More recently, for the next season of Somebody Somewhere, they were down in another area of the Jungle trying to talk to some of the homeless people, which is no easy task given how disenfranchised and suspicious of outsiders they are, but Gottlieb and Payne were able to do almost 10 hours of interviews with some of them – a testament to Gottlieb’s ability to connect with people.
“We heard about another suspicious death, so Jody and I took off to find if it was in any way connected to the murders that we’re investigating,” says Payne. “Who else will do that with you but Jody Gottlieb? She never says no to any kind of mystery or to finding somebody. She’s always game for an adventure.”
Their production office is Payne’s contemporary-style home in the tony northwest section of Seattle known as Queen Anne, not far from where Tom Wales, the murdered U.S. attorney, lived. The rooftop patio affords a fantastic view of Mount Rainier in the distance on a beautiful September day and a comfortable place to interview Gottlieb about her career and life, which isn’t necessarily easy for her, given that she’s the one normally doing the interview. The good thing is, she knows what makes a good story and is revealing, funny, passionate and smart. Sporting a black blouse and jeans, Gottlieb, 52, has thick brown hair, olive skin and big, expressive eyes.
“David and I don’t have the protection of a network behind us now, but I love that sort of tightrope walking without a net feeling,” she says. “I don’t want to sound like I’m reckless, but that’s part of the gig. I won’t jump out of an airplane, but I will go into hot zones. I will make my way into a shed powered by golf cart batteries with an arsenal of weapons and ammunition. I listen to my intuition, and I believe in my instincts. They’re pretty honed and aware, especially when I’m in pursuit of the story, but I do know when to back off.”
The homeless murders is the story she’s in pursuit of right now, but it’s really a jumping-off point to discuss the larger socioeconomic issues of homelessness and why Seattle – and the country as a whole – haven’t been able to solve it, which really drives Gottlieb, who gets invested in whatever she does.

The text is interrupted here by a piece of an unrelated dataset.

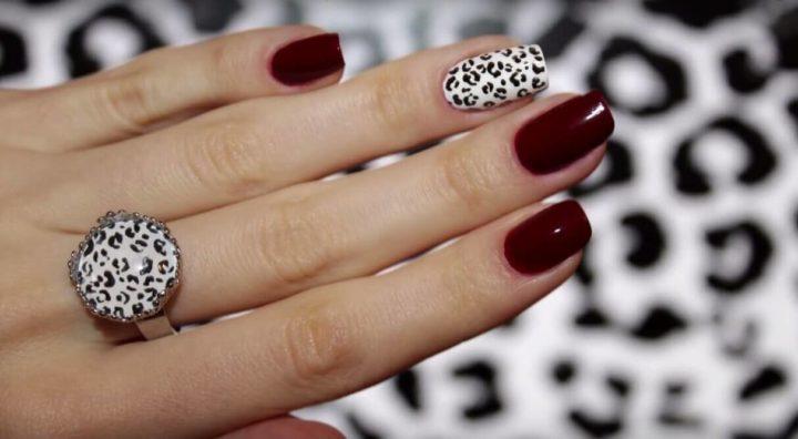 Для создания роскошного маникюра с хищным окрасом прекрасно подойдет шеллак. Так придать оригинальности повседневному образу можно, добавив акцентный леопардовый принт на один ноготь. Помимо классического сочетания с оттенками красного, он гармонично соседствует с кофейным, изумрудным, черным, синим.

“There’s a serious homeless problem here, probably one of the biggest in the country,” she says. “The amount of people living under freeways is mindboggling. It is heartbreaking. It pisses me off. With all the major companies based here, like Costco, Starbucks, Microsoft, Boeing, REI and Amazon, I don’t understand why we can’t pool our resources and work with the city to solve this problem.”
– CHARLESTON SHUFFLE –
The freeway underpasses of Seattle are a long way from where Gottlieb, the middle of three children, grew up in Flint, Mich., which was once a flourishing city and automotive powerhouse before financial and other problems beset it in recent years. Her dad, Gilbert, was the president of the Royalite Company, an electrical wholesale distribution business started in 1929 by his father-in-law and his brother. Her mother, Zelma, leads guided tours throughout the world. For 10 straight years, the family spent their summers in a Sullivan’s Island beach rental to visit one of Zelma’s childhood friends, Marlene Alfred ’64, who married a local Charleston man. (She would later go on to marry Nathan Addlestone, become a major donor and play a critical role in the creation of their namesake library on campus in 2005.)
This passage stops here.